A Brisbane Lions development coach has won a major victory against WorkCover for all claimants over the delivery
of noncomplying notices of claim for damages.
Craig Brittain was injured in two work accidents at the Brisbane Bears – Fitzroy Football Club in January 2007 and May 2009.
His solicitors delivered a notice of claim for damages in April 2010.
Because none of the injuries intended to be claimed for had at that time been assessed, WorkCover deemed the notice “invalid” due to non-compliance with s 250 and returned it to his solicitors.
Concerned his claim had been permanently barred, Brittain sought declarations that although non-compliant, the notice of claim was nevertheless valid.
There was no dispute that having given the notice of claim prior to any injuries being assessed meant that it was non-compliant with section 275.
Justice Peter Flanagan agreed – because of numerous mechanisms dealing with notices non-compliant for other reasons – non-compliance did not equate to invalidity.
Giving a deficient notice nevertheless engaged section 278 requiring WorkCover to identify the non-compliance and state whether it waived the deficiency.
It also engaged the deeming provision in section 278 (4) which permits the notice of claim to be taken as a compliant notice if WorkCover does not respond to the notice within the specified 10 days after its receipt.
That also meant that Brittain’s non-compliant notice effectively stopped the running of any limitation period by operation of section 302(1)(a)(i).
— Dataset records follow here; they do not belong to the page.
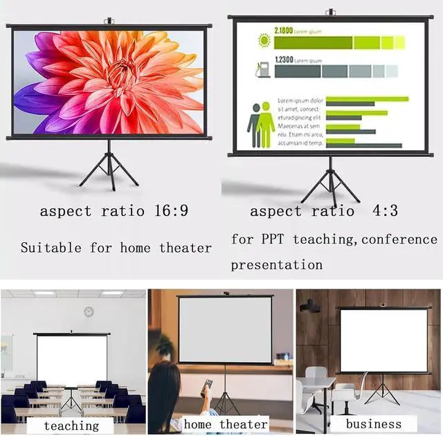 [Wide Applicability] The projection screen can be used indoors or outdoors, suitable for lawns, squares, department stores, exhibitions, outdoor, offices, classrooms, training, club games, home theaters, etc.
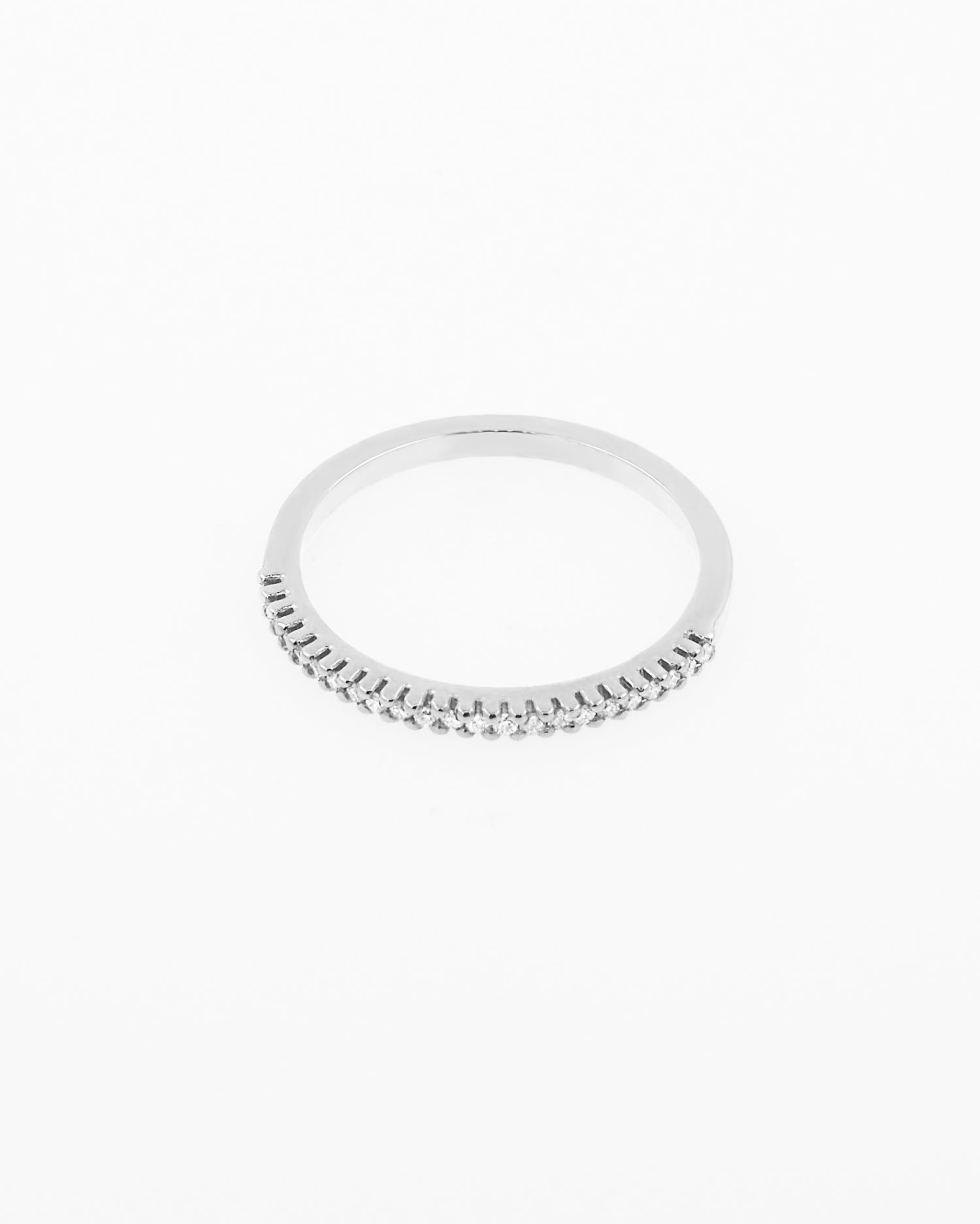 Our Essential ring is simple and elegant, reinventing a classic with a line of sparkling light. Made of 18kt white gold and brilliant-cut diamonds, it is the perfect complement to combine with other rings.
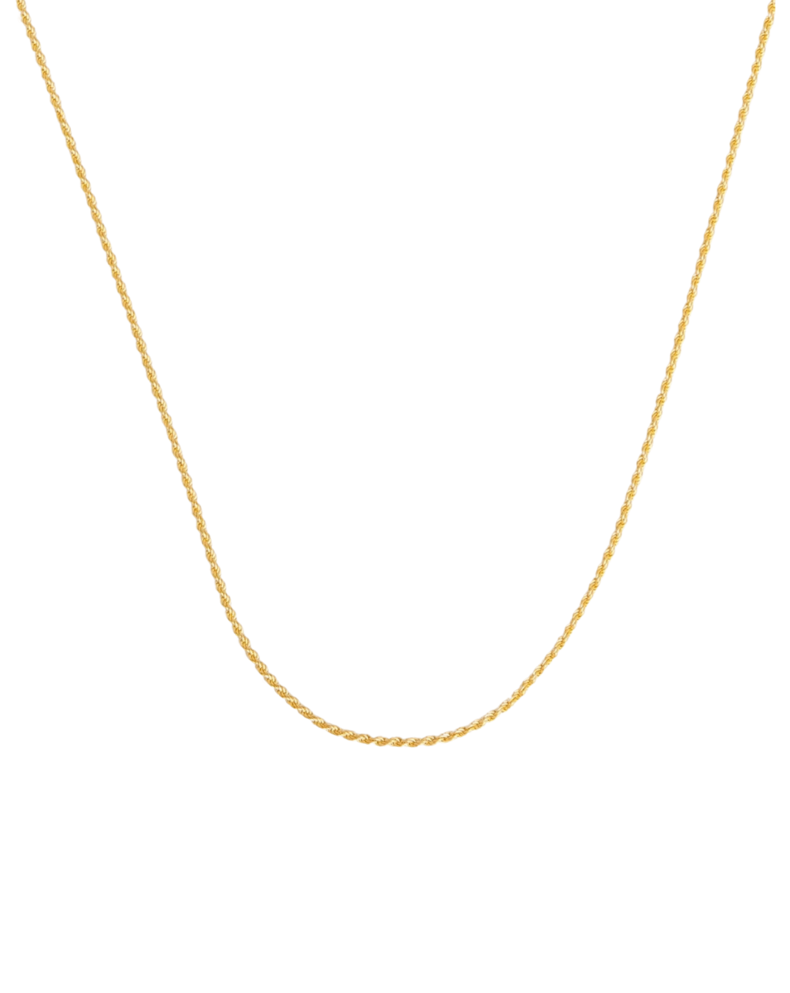 Elevate your essentials with this versatile rope chain. The subtle twist detailing adds texture and dimension, making it perfect for wearing alone or layering with your favorite chunky chains. Lightweight, classic, and endlessly wearable.

As a consequence, Brittain will be able to pursue his claim against WorkCover for the May 2009 injury.
The moratorium also applies to the limitation in respect of the January 2007 injury but because that period had expired prior to the giving of the notice of claim in April 2010, Brittain can only take advantage of the section 302 moratorium if he succeeds in an application to extend time for that injury, to the April 2010 date.